Australian Treasurer, Dr Jim Chalmers, launching the 2023 Intergenerational Report at the National Press Club
Australian Treasurer, Dr Jim Chalmers, launching the 2023 Intergenerational Report at the National Press Club

It seems safe to predict that by the end of the forty year time-frame encompassed by the 2023 Intergenerational Report, the sixth produced by Treasury, many readers will have shuffled off this mortal coil, or be well and truly retired. Even the Treasurer himself, as fit as the jogging keeps him, will have hung up the calculator.

But that leaves the rest of the Australian population, predicted to reach 40.5 million, much more than today, living in an economy that could have grown by an average of 2.2 per cent per year in real terms (although less than the 3.1 per cent growth over the past 40 years), and with real incomes around 50 per cent higher.

If that sounds like a lotus land, think again, because Australian Government payments for health care, aged care and the NDIS are projected to increase as a share of GDP from 6.2 per cent in 2022–23 to 10.7 per cent in 2062–63. One of the main reasons is something we can do little about – the ageing process.

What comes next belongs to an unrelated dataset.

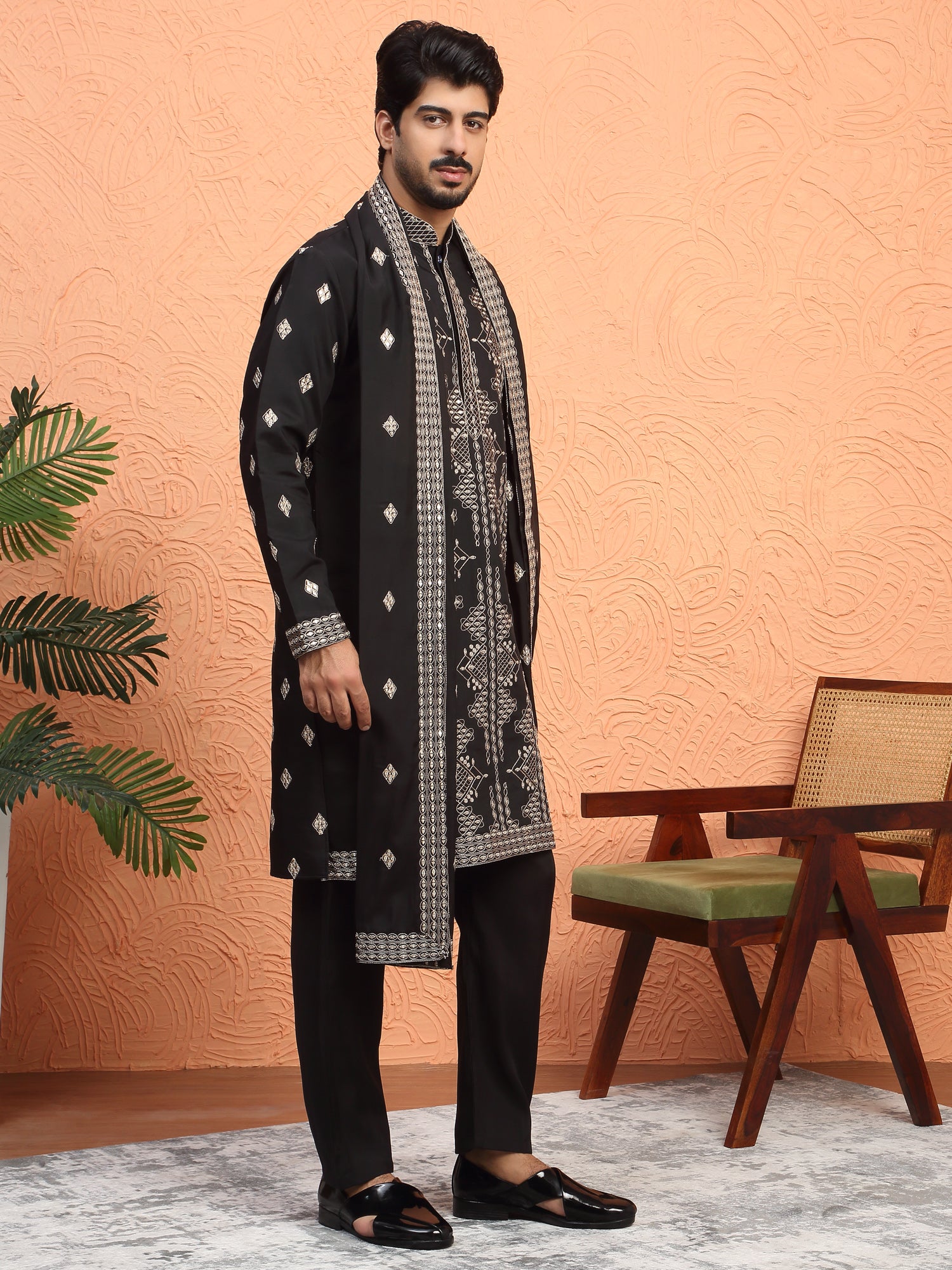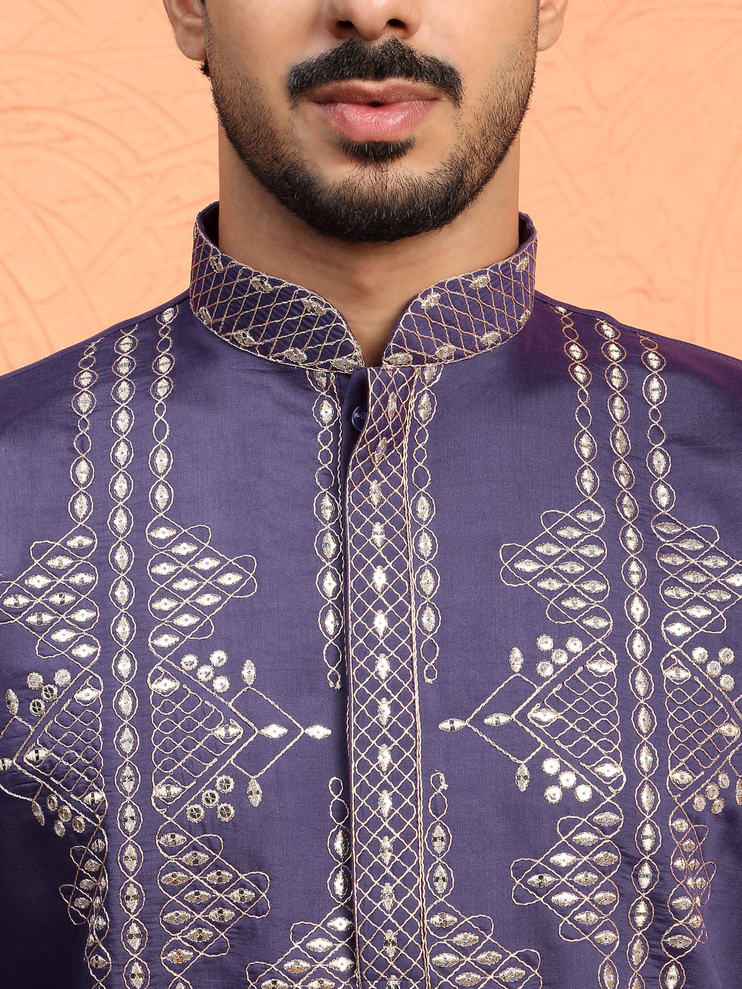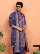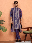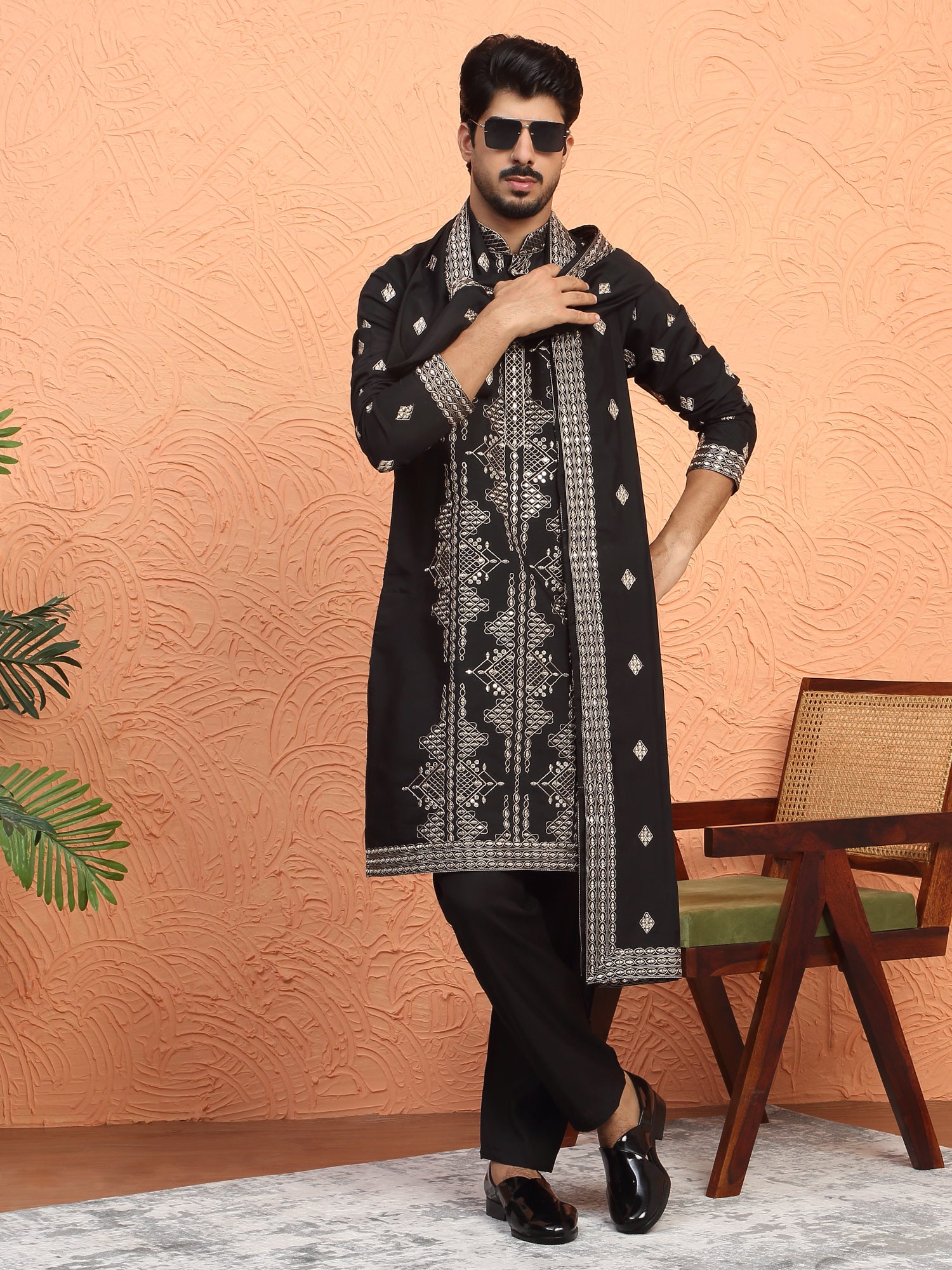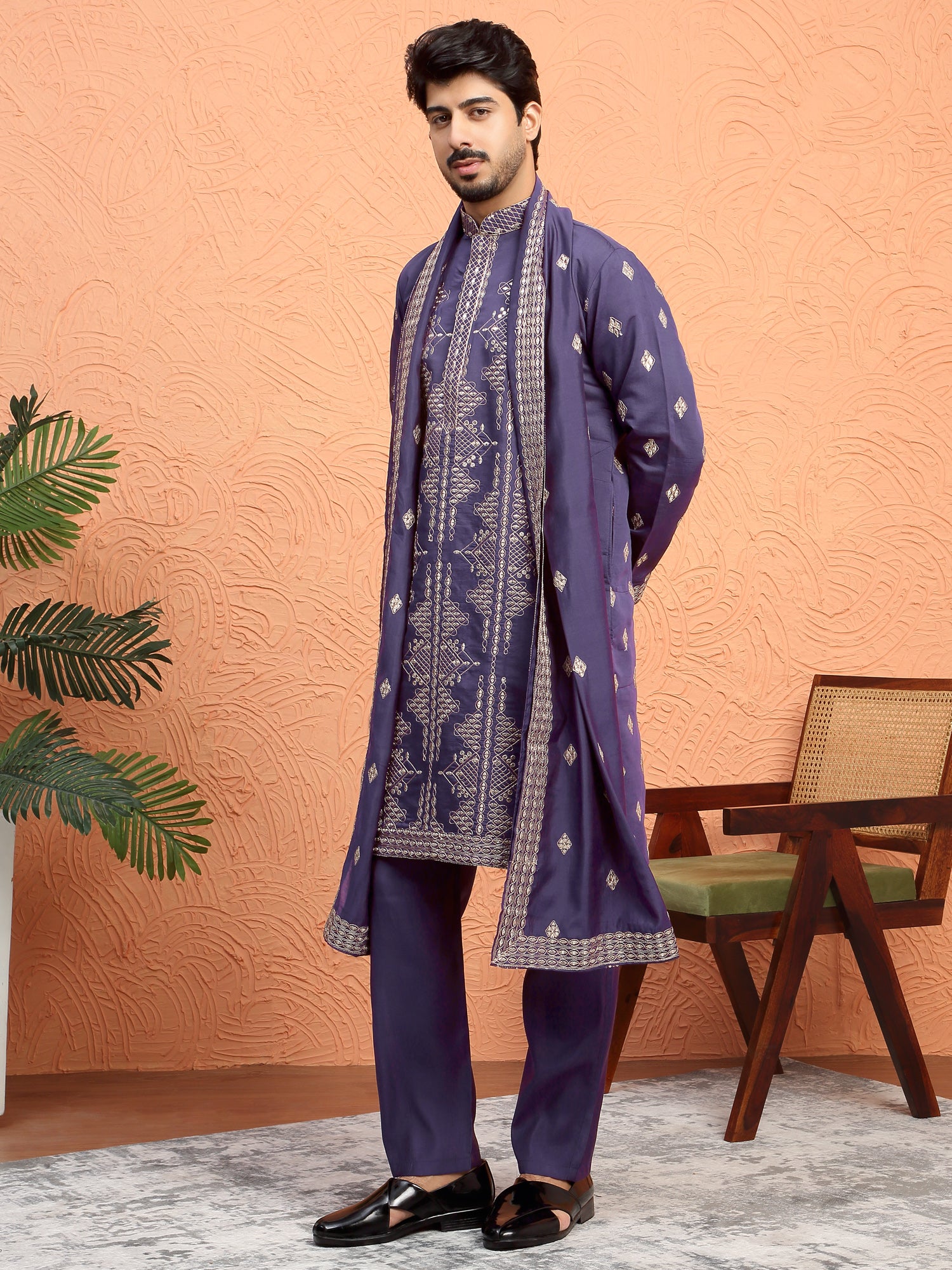 Men's Cotton Silk Zari Sequenced Embroidered Kurta Trouser Pant Set With Matching Dupatta

Today’s life expectancies at birth are 81.3 years for men and 85.2 years for women. By 2062–63 these are expected to be 87.0 years for men and 89.5 years for women. 

As the “IGR” - Treasurer Chalmers’ abbreviation - notes, ‘Over the next 40 years as the population ages more people will fall into the older age groups that are the most frequent users of the public health system.’

At present, it tells us, people aged 65 or older currently account for around 40 per cent of health spending, despite being only 16 per cent of the population. In forty years, the number of people aged 65 and over will more than double and the number aged 85 and over will more than triple. 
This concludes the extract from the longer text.